Однако эта предосторожность оказалась излишней – достигшая берега группа преследования застала Роберта понуро сидящим на злосчастном камне и безучастно смотрящим на убиенную, так и лежащую наполовину в воде, лицом вниз, Ангелику. Шалунья-река забралась ей под платье, подняв подол почти до самой груди и предоставив миру обозревать белизну стройных ног покойной, не чувствовавшей более никакой стыдливости. Ее же убийца, не заботясь теперь о таких мелочах, как чистота одежды, сидел прямо в пятне крови, растекшейся по поверхности камня. При виде этой картины шедший впереди Рауфф остолбенел и на секунду замер, почти сгорбившись от тяжести навалившейся на него новой беды. Но всем присутствующим, знавшим этого сурового и решительного парня не первый день, было ясно, что ничего хорошего его показавшаяся на миг безвольной поза сидящему на камне подонку не сулила.

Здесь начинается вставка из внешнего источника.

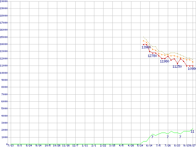 | WD5000AAJB (500GB)の価格推移 | | | (2006年7月13日~2007年9月27日) |
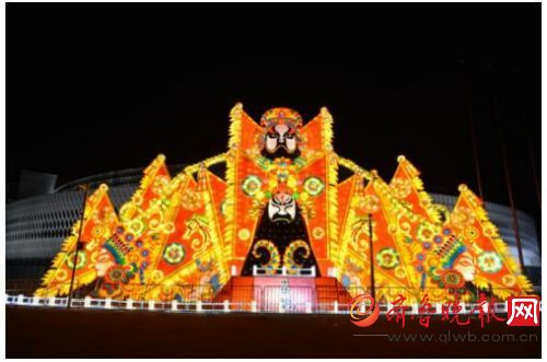 到达园博园三号大门入口,首先映入眼帘的是以“八仙贺岁”为样本进行艺术创作的巨型彩灯拱门,长40米,高达15米,几层楼高的卧葫芦形大门和最上的城楼,浓墨重彩,尽显大国气派。作为自古以来被广泛应用的中国传统元素,场内装饰的盛放牡丹图案,富贵祥和,充满浓浓的喜庆年味。五彩绸缎、镶金勾边、分色裱糊,本届灯会众多参展灯组的制作之精良,细节之考究,加上取材的创新和史无前例的超大规模,堪称艺术品级别。
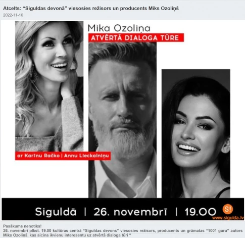 Tāpat pērn novembrī bija paredzēta Mika Ozoliņa “atvērtā dialoga tūre "Mans lielākais guru"”. Tur bija paredzēti pat “komēdijskeči, ko papildinās Mika stāsti”. Bija arī plānots, ka uz skatuves kopā ar Miku kāps pašmāju bestselleru autore Karīna Račko un psihoterapeite Anna Lieckalniņa. “"Atvērtā dialoga tūre "Mans lielākais guru"" Latvijā viesosies tikai trīs pilsētās – Liepājā, Rīgā un Siguldā,” tā bija rakstīts pasākuma pieteikumā. Taču nekādas viesošanās nebija - pasākumi tika atcelti.
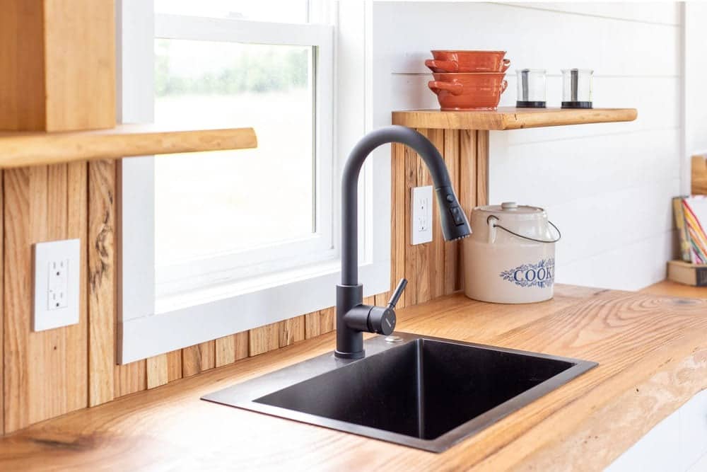 While the wood gives the kitchen a warm, cottage-like feel, the sleek black sink and pull-down faucet bring in a more modern, practical edge.
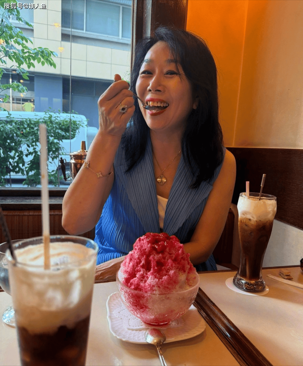 照片中,张馨予的妈妈吃着冰淇淋点心,其姿态非常的优雅,一看就是一个对生活的非常精致的人。
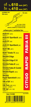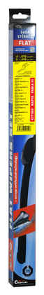 Sada dvou plochých stěračů FLAT (řidič + spolujezdec) se speciálním uchycením. Délky stěračů a systém uchycení na ramínko jsou přizpůsobeny vybraným vozům (viz tabulka použití).
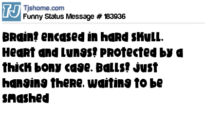 X says Brain? encased in hard skull. Heart and lungs? protected by a thick bony cage. Balls? just hanging there, waiting to be smashed
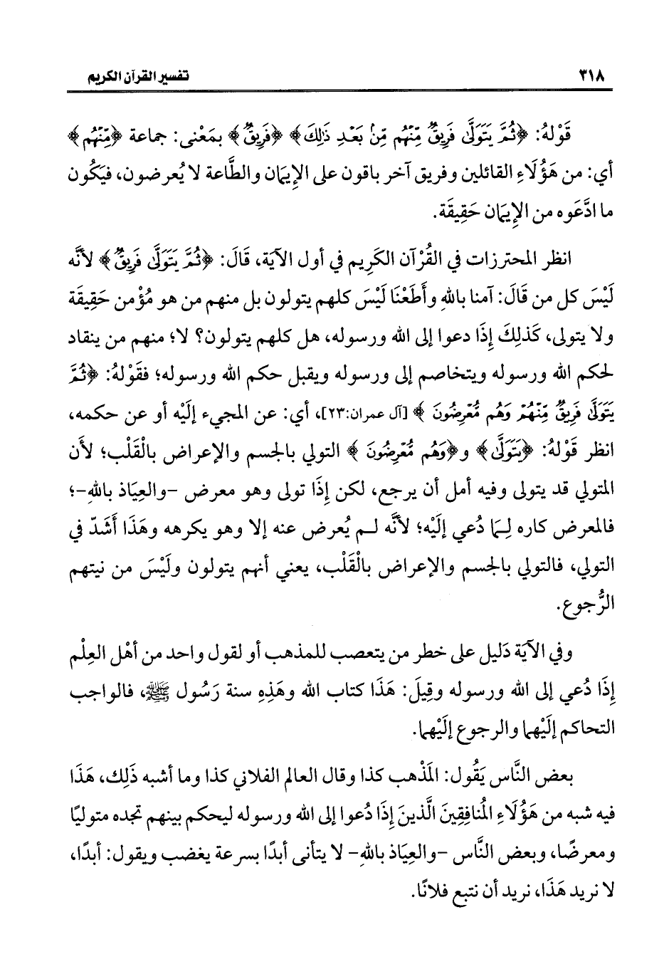 انظر المحترزات في القُرْآن الكَرِيم في أول الآيَة، قَالَ: {ثُمَّ يَتَوَلَّى فَرِيقٌ} لأنه لَيْسَ كل من قَالَ: آمنا باللهِ وأَطَعْنَا لَيْسَ كلهم يتولون بل منهم من هو مُؤْمن حَقِيقَة ولا يتولى، كَذلِكَ إِذَا دعوا إلى الله ورسوله، هل كلهم يتولون؟ لا؛ منهم من ينقاد لحكم الله ورسوله ويتخاصم إلى ورسوله ويقبل حكم الله ورسوله؟ فقَوْلهُ: {ثُمَّ يَتَوَلَّى فَرِيقٌ مِنْهُمْ وَهُمْ مُعْرِضُونَ} [آل عمران: ٢٣]، أي: عن المجيء إلَيْه أو عن حكمه، انظر قَوْلهُ: {يَتَوَلَّى} و {وَهُمْ مُعْرِضُونَ} التولي بالجسم والإعراض بالْقَلْب؛ لأَن المتولي قد يتولى وفيه أمل أن يرجع، لكن إِذَا تولى وهو معرض - والعِيَاذ باللهِ -؛ فالمعرض كاره لِمَا دُعي إلَيْه؛ لأنَّه لم يُعرض عنه إلا وهو يكرهه وهَذَا أَشَدّ في التولي، فالتولي بالجسم والإعراض بالْقَلْب، يعني أنهم يتولون ولَيْسَ من نيتهم الرُّجوع.

Так и оказалось – после нескольких секунд молчания осиротевший отец окликнул зятя – тихо, но настойчиво. Роберт, словно ждавший приказа, медленно поднялся и, повернувшись к столпившимся у калитки людям, выпрямился, глядя в глаза Рауффу и не порываясь более давать какие-либо объяснения, которых, к слову сказать, никто у него и не требовал. В последствии эта поза перед казнью стала даже модной в определенных кругах, так сказать…
Медленно, очень медленно поднял седой Рауфф ружье, с которым в последние несколько лет почти не расставался и прицелился. Линхоф, однако, не вздрогнул, не бросился в ноги палачу и не отвел взгляда. Какое-то жуткое спокойствие владело им, от которого всем присутствующим стало неуютно, словно не человека видели они перед собой, а некое чудовище, с одинаковым презрением относившееся и к смерти, и к жизни.